Data shown
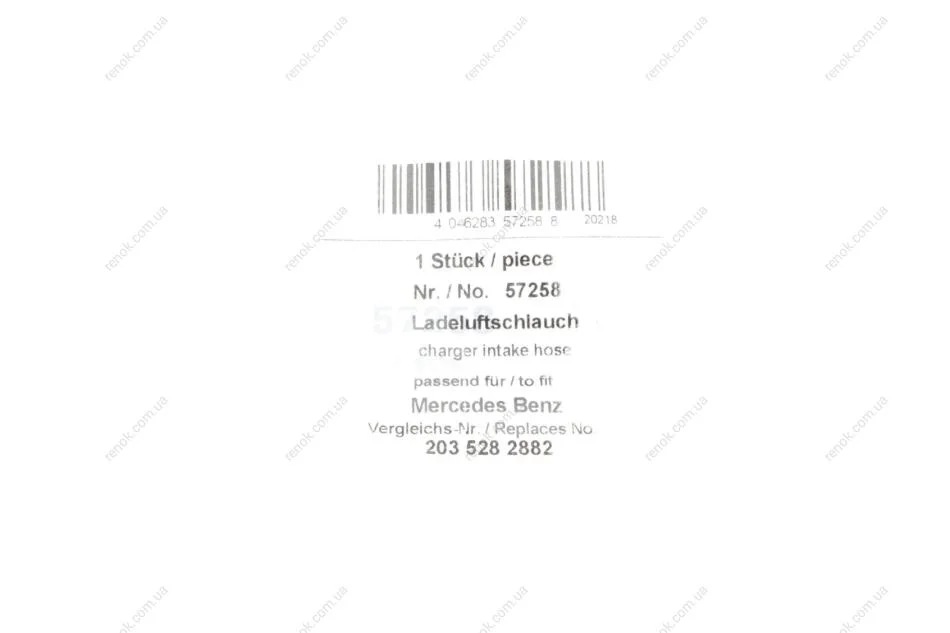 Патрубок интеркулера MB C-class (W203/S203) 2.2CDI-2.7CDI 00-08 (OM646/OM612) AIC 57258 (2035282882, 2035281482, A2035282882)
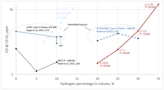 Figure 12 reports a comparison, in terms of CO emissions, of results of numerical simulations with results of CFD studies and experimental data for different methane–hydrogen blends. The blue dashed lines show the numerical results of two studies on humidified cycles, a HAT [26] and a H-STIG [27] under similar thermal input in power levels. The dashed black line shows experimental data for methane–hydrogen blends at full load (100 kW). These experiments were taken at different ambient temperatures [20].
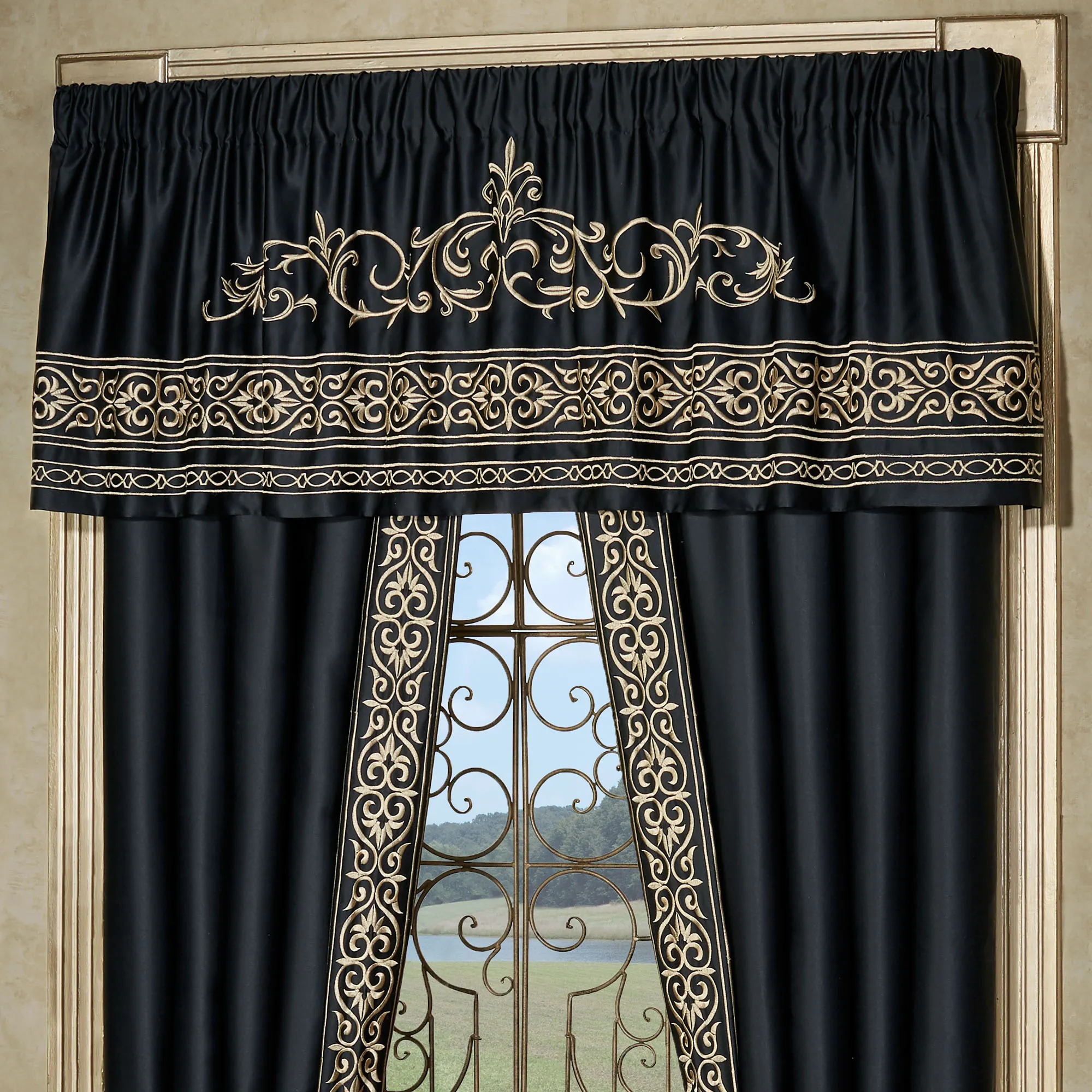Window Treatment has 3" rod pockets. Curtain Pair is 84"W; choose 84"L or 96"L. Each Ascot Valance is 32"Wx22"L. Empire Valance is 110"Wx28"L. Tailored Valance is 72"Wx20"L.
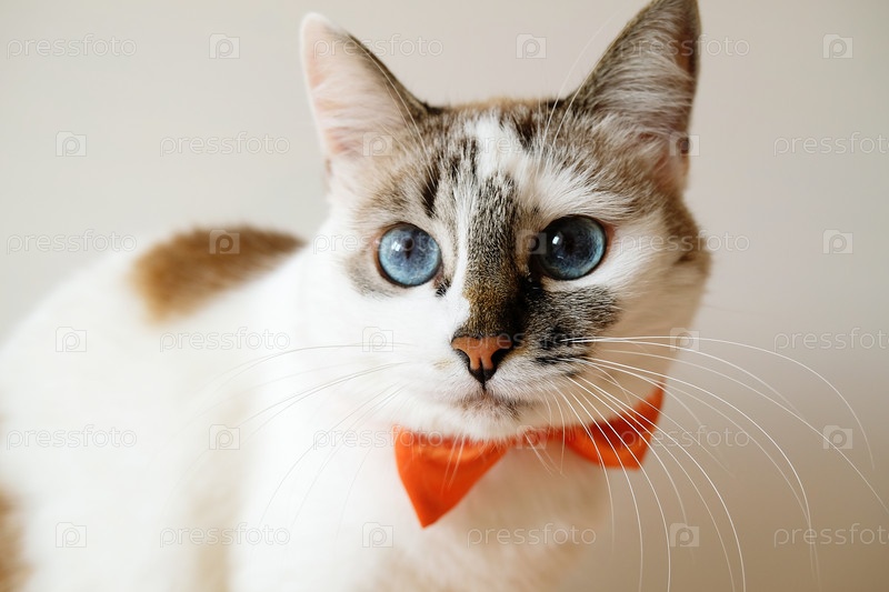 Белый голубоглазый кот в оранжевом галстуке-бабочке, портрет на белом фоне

Problem description
Set down the line containing "Window Treatment has", then every later line through the end of the material, exactly as written; omit any picture.

Finished task
Window Treatment has 3" rod pockets. Curtain Pair is 84"W; choose 84"L or 96"L. Each Ascot Valance is 32"Wx22"L. Empire Valance is 110"Wx28"L. Tailored Valance is 72"Wx20"L.
 Белый голубоглазый кот в оранжевом галстуке-бабочке, портрет на белом фоне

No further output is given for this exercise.